It was the barely romanticized biography of my great-grandmother Olga’s brother, the Grand Duke Nicholas Konstantinovich. Young, handsome and intelligent – very intelligent, too intelligent – he was falsely accused of stealing the diamonds right off his mother’s icons to gift to his American mistress.

He was sent into exile by the Tsar in Tashkent, at the time a godforsaken place in the middle of the desert. He was never forgiven, justified, or pardoned. He knew too many of the imperial family’s secrets, and he had a big mouth.

However, he did not remain inactive. Being immensely wealthy, he transformed Tashkent into a modern city. The desert province became an agricultural paragon. He founded industries and factories. His being trigamous was but a minor detail. He died at the height of the revolution and was given two funerals.
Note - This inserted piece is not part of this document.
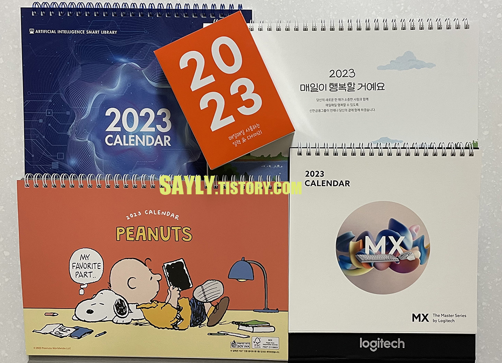 그래도 신한은행달력은 하나 건졌내요. 하나는 업체 꺼고 일력달력도 받았는데 아마도 메모지를 쓸듯합니다. 항상 받는 알라딘 스누피달력과 올해 마우스를 하나 장만했는데 로지텍에서 달력도 와서 언박싱할 때 깜짝 놀랐네요. 사이즈도 아담한 게 딱 주 달력으로 좋네요.

One by the orthodox clergy, with all the pomp owed a member of the imperial family, and the other organized by the revolutionary authorities as a victim of the Tsar.

What did Dr Ribadeau-Dumas tell me during my check-up? “Did you see that we have found his treasure?”. I leapt up, “What treasure?”.

Two years ago, in 2019, Russian researchers excavated the basement of the small palace Nicholas had built for himself in Tashkent, which had since become the government’s festival palace. They indeed found his treasure: jewellery, it seems, as well as silverware, precious objects, icons, archives etc. In short, not only a cashable treasure but a historical treasure with innumerable value. Not a single photo. No inventory. No description. Not even information about the fate of the treasure or where it can be found now.

It got me thinking. I knew that these collections had been transported to the local museum. In particular, the marble statue of the mistress he had been sent into exile for, that he gazed upon at the moment of his death after having covered the statue’s marble in sumptuous jewellery.